» **About this exercise**: Every line of the data below is to be given again as it appears, with the images removed.

» **Data supplied**:

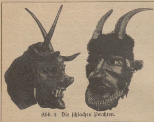
Abb. 4. Die schiachen Perchten.

Pongau in Landestracht, ein Bursche als Mann, einer als Frau. Der Mann hat einen auffallend hohen, ihn selbst fast um das Doppelte überragenden Kopfsatz. In der Hand hält er einen Degen. Den schönen Perchten folgen einige Gestalten mit Teufelsmasken,
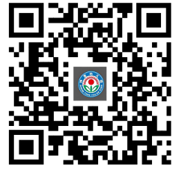
违规禁办事项清单
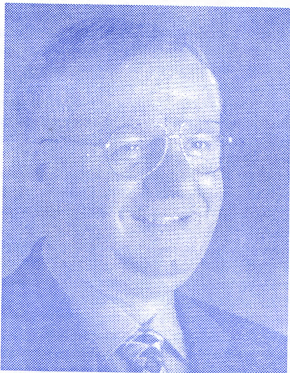
Председник Српске радикалне странке др Војислав Шешељ
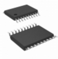
MC74VHCT541ADTR2 ON Semiconductor IC BUFF/DVR 8BIT N-INV 20TSSOP
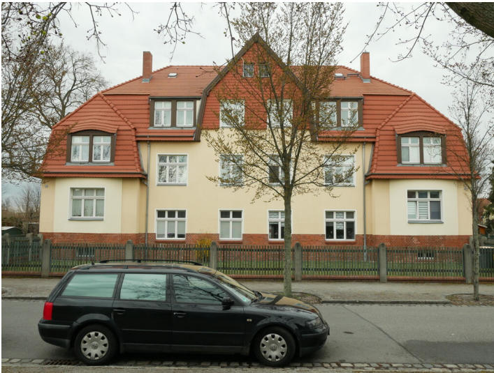
Wohngebäude der Kolonie Marga
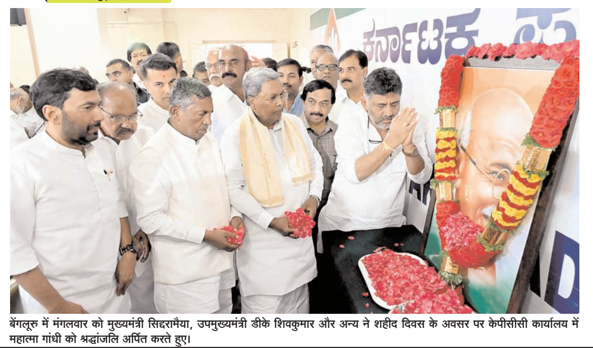
बंगलूरु में मंगलवार को मुख्यमंत्री सिद्धरामैया, उपमुख्यमंत्री डीके शिवकुमार और अन्य ने शहीद दिवस के अवसर पर केपीसीसी कार्यालय में महात्मा गांधी को श्रद्धांजलि अर्पित करते हुए।
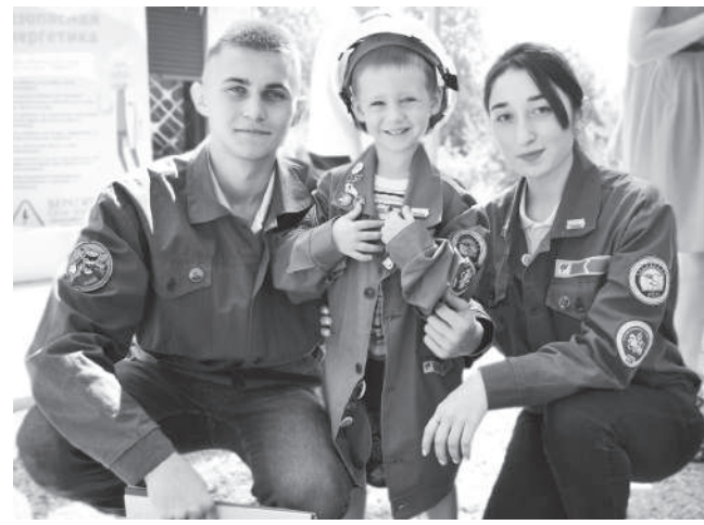
Студенческий отряд «Энергия Кубани» в детском саду рассказывает о пожарной безопасности

Волонтерский центр Кубанского ГАУ за время своего существования стал одним из лучших на Кубани. Наши волонтеры только за последний год участвовали в 8 федеральных, 47 краевых, 83 городских и 42 универси-
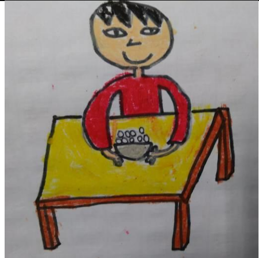
活動說明：學生將活動過程寫在圖文日記中
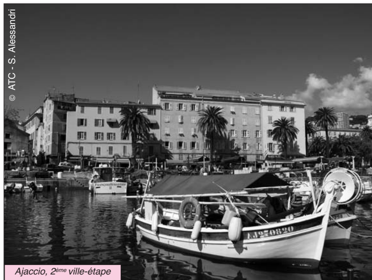
Ajaccio, 2 ème ville-étape
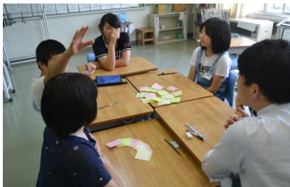
「6年生・夏休みの感想交流」
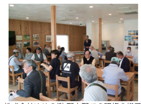
株式会社ゆめの樹 野上野での研修の様子

6月5日、全自治会長対象の研修会で、兵庫県丹波市春日町にある、全国でも珍しい自治会100%出資の自治会法人、株式会社ゆめの樹 野上野へ視察に行き、組織設立の趣旨や、自治会の活性化と自立に向けた仕組みの構築などについて学びました。
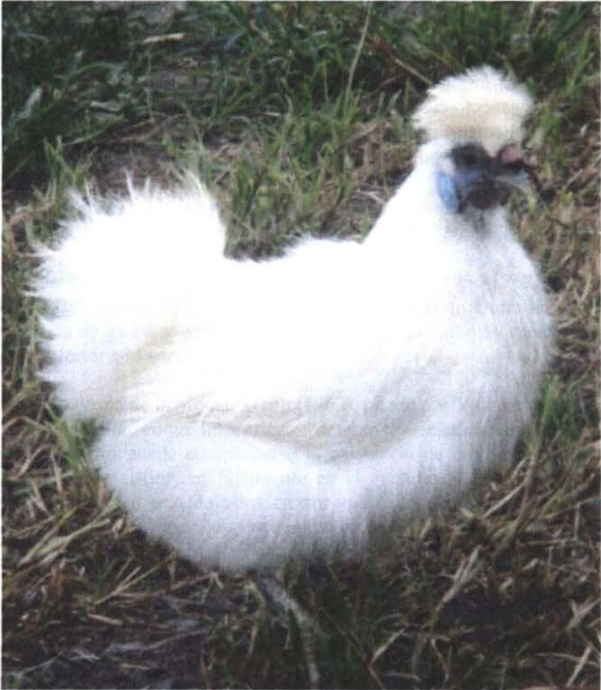
Figura 7: Gallus domesticus L. subespecie lanatus n.l. "de pelo"
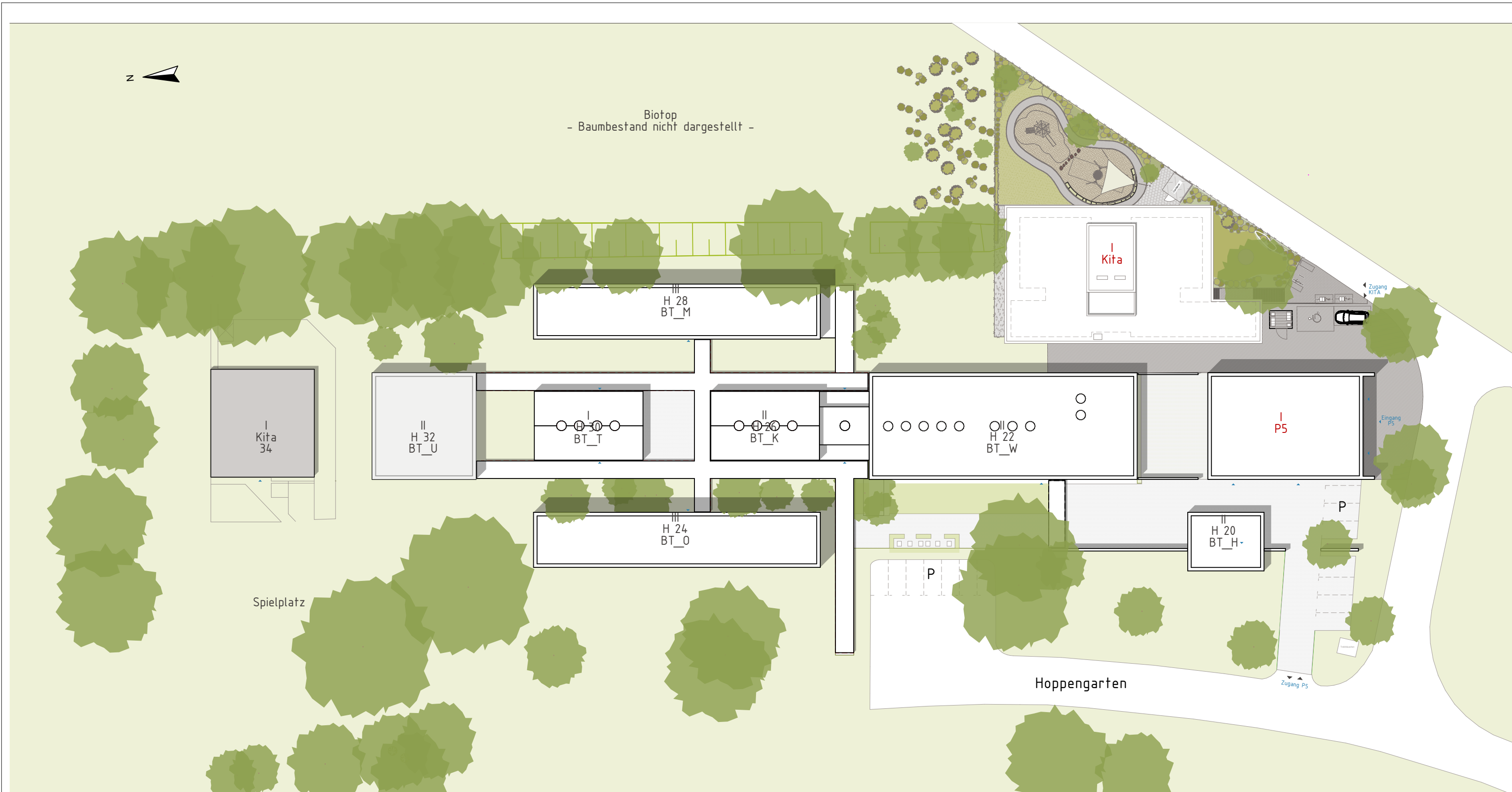
AB-182a Lageplan Baubeschluss 1:500

BAUVORHABEN: KiHo Neubau KiTa am Hoppengarten Hoppengarten 48147 Münster

» **Answer to this problem**:
Abb. 4. Die schiachen Perchten.

Pongau in Landestracht, ein Bursche als Mann, einer als Frau. Der Mann hat einen auffallend hohen, ihn selbst fast um das Doppelte überragenden Kopfsatz. In der Hand hält er einen Degen. Den schönen Perchten folgen einige Gestalten mit Teufelsmasken,
违规禁办事项清单
Председник Српске радикалне странке др Војислав Шешељ
MC74VHCT541ADTR2 ON Semiconductor IC BUFF/DVR 8BIT N-INV 20TSSOP
Wohngebäude der Kolonie Marga
बंगलूरु में मंगलवार को मुख्यमंत्री सिद्धरामैया, उपमुख्यमंत्री डीके शिवकुमार और अन्य ने शहीद दिवस के अवसर पर केपीसीसी कार्यालय में महात्मा गांधी को श्रद्धांजलि अर्पित करते हुए।
Студенческий отряд «Энергия Кубани» в детском саду рассказывает о пожарной безопасности

Волонтерский центр Кубанского ГАУ за время своего существования стал одним из лучших на Кубани. Наши волонтеры только за последний год участвовали в 8 федеральных, 47 краевых, 83 городских и 42 универси-
活動說明：學生將活動過程寫在圖文日記中
Ajaccio, 2 ème ville-étape
「6年生・夏休みの感想交流」
株式会社ゆめの樹 野上野での研修の様子

6月5日、全自治会長対象の研修会で、兵庫県丹波市春日町にある、全国でも珍しい自治会100%出資の自治会法人、株式会社ゆめの樹 野上野へ視察に行き、組織設立の趣旨や、自治会の活性化と自立に向けた仕組みの構築などについて学びました。
Figura 7: Gallus domesticus L. subespecie lanatus n.l. "de pelo"
AB-182a Lageplan Baubeschluss 1:500

BAUVORHABEN: KiHo Neubau KiTa am Hoppengarten Hoppengarten 48147 Münster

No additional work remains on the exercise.